Instructions to follow:
In the data below, find each line carrying the string "close" and copy it out.

Given records:
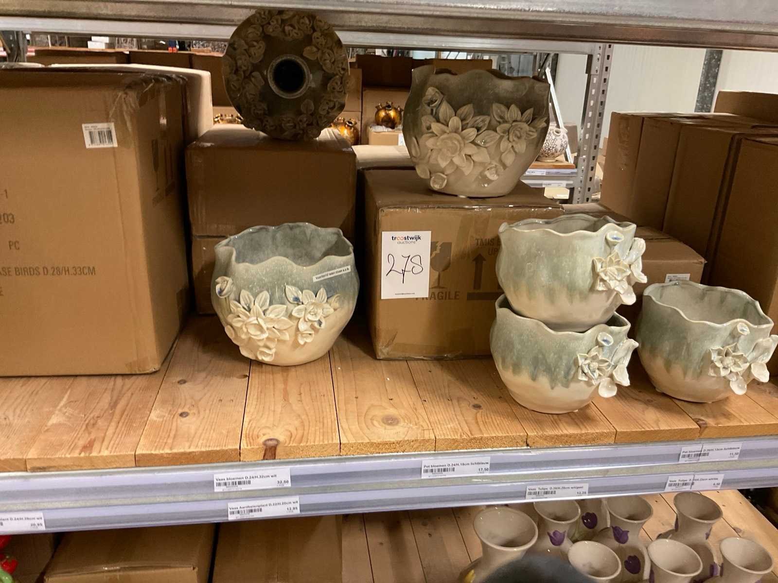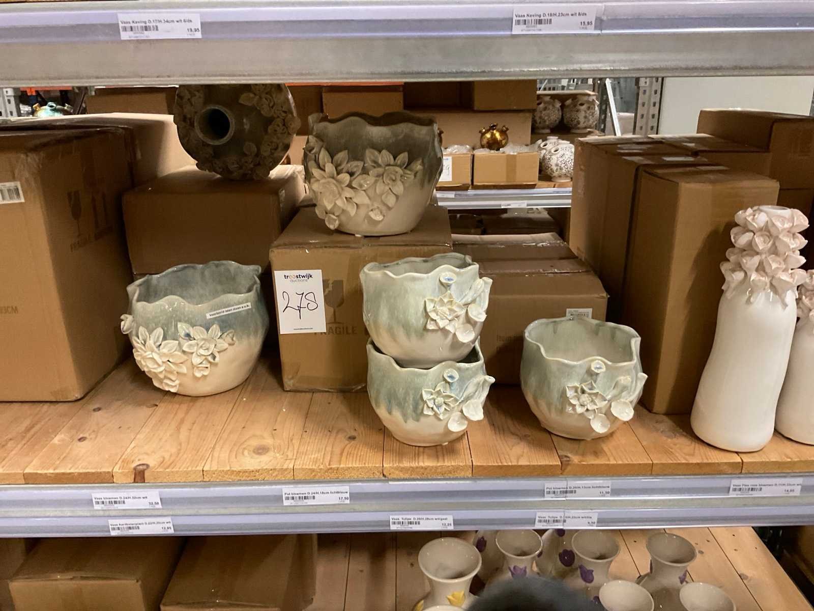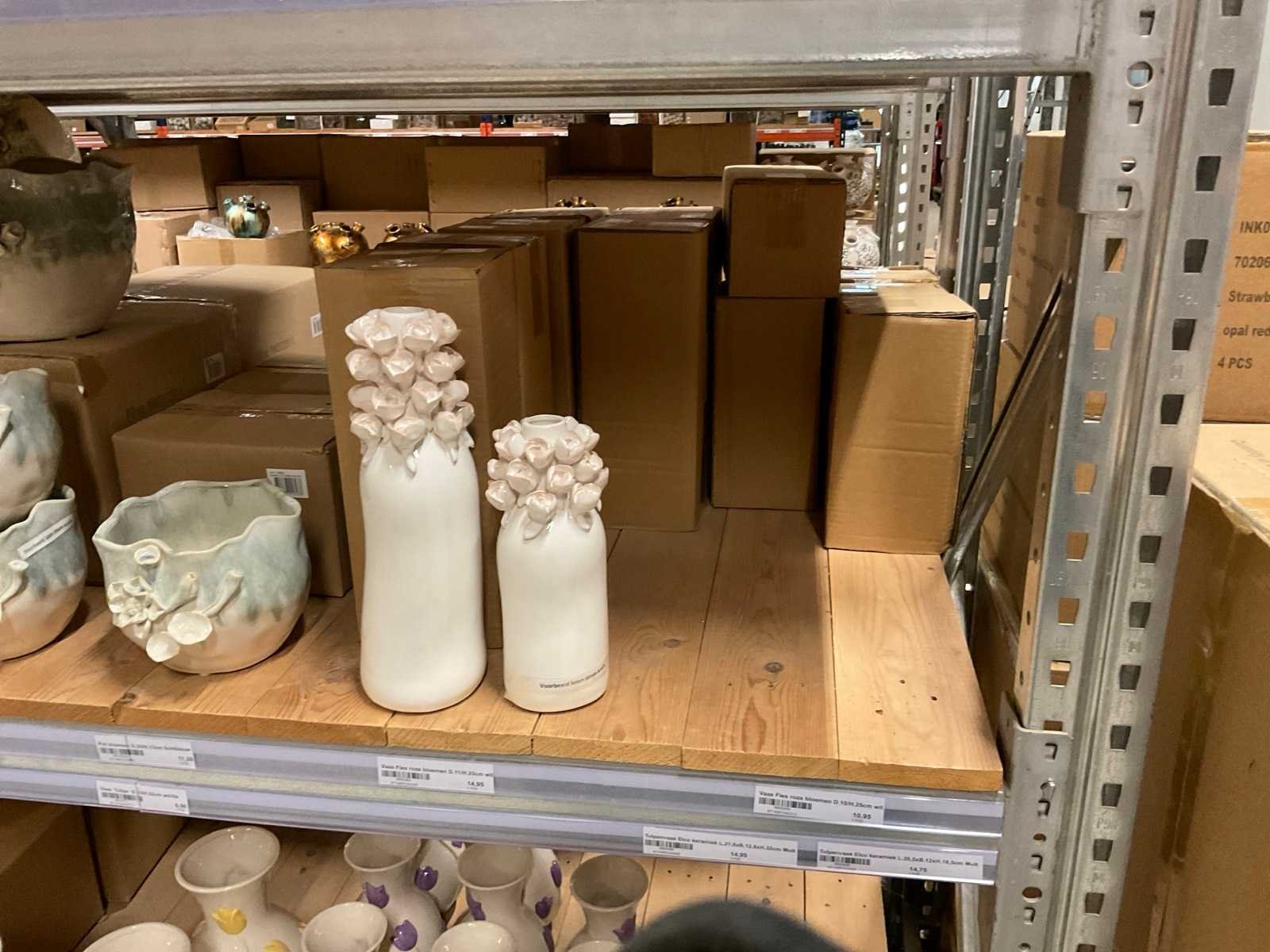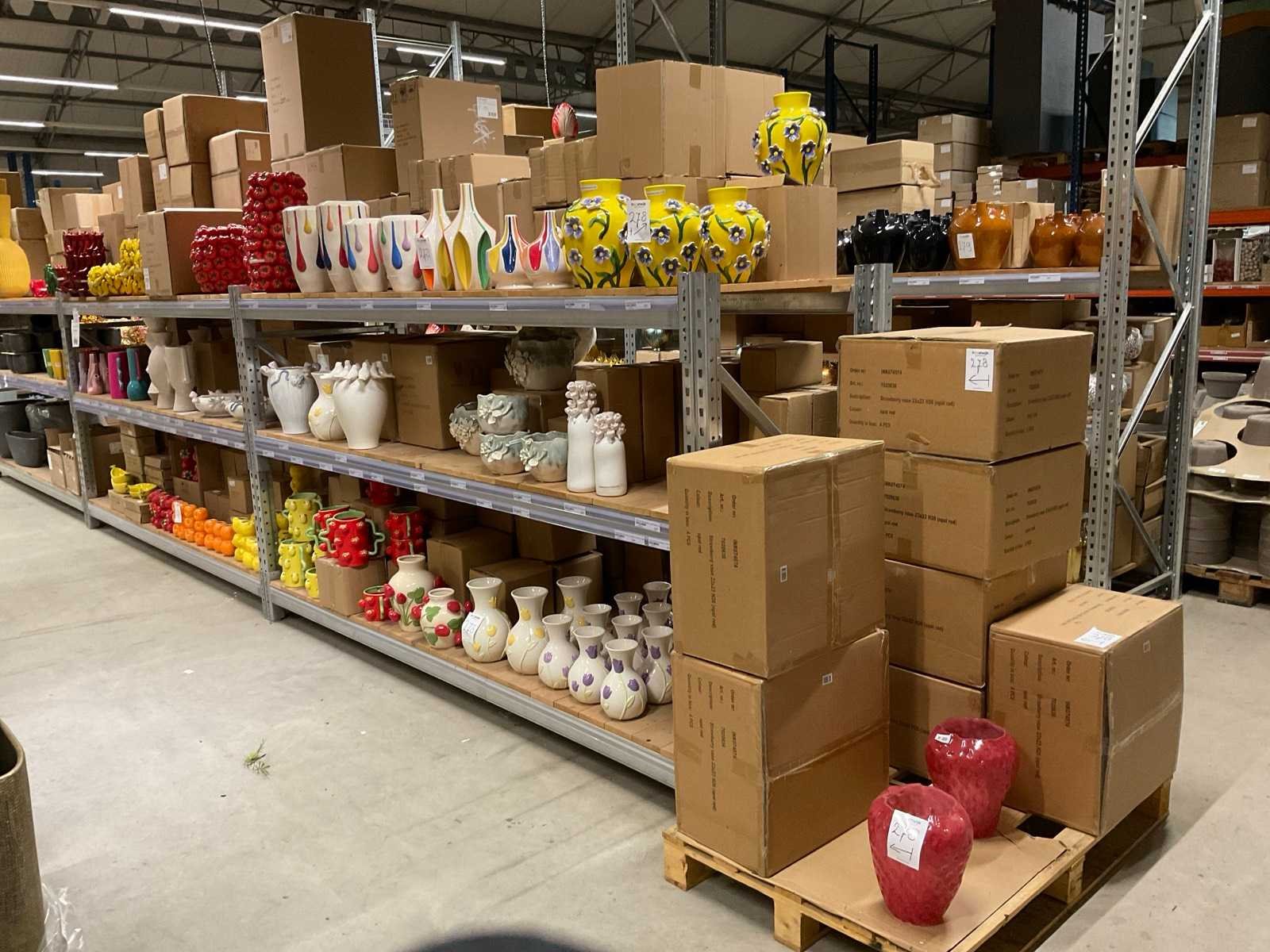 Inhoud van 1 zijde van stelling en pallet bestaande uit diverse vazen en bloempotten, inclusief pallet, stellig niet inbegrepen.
...
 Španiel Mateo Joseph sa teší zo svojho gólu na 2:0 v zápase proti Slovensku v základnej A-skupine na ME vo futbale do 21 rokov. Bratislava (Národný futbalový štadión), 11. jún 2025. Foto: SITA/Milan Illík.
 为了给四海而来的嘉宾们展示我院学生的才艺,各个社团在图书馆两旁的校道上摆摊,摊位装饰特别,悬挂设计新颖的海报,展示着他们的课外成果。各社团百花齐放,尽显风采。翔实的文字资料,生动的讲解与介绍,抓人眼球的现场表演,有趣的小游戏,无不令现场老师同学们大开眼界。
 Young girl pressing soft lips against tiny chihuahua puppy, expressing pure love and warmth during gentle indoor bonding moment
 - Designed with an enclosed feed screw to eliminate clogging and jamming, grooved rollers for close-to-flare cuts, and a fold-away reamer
--
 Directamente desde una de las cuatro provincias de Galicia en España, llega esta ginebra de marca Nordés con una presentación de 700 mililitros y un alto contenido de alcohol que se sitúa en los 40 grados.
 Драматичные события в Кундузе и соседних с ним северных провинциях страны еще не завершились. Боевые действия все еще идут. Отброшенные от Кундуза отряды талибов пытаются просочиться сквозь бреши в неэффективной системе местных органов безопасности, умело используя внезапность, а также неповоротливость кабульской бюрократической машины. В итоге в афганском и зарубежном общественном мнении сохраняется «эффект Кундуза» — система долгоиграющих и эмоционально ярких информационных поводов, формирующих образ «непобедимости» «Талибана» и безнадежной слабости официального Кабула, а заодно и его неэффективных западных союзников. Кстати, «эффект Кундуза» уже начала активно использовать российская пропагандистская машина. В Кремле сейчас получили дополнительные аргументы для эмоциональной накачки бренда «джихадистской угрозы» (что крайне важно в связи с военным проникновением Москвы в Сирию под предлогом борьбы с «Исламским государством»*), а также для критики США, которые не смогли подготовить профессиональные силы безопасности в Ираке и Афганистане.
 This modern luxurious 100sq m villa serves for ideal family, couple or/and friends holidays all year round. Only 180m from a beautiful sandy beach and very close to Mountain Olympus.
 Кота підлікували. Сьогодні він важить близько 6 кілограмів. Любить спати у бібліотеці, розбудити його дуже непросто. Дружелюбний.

Solution below:
 - Designed with an enclosed feed screw to eliminate clogging and jamming, grooved rollers for close-to-flare cuts, and a fold-away reamer
 This modern luxurious 100sq m villa serves for ideal family, couple or/and friends holidays all year round. Only 180m from a beautiful sandy beach and very close to Mountain Olympus.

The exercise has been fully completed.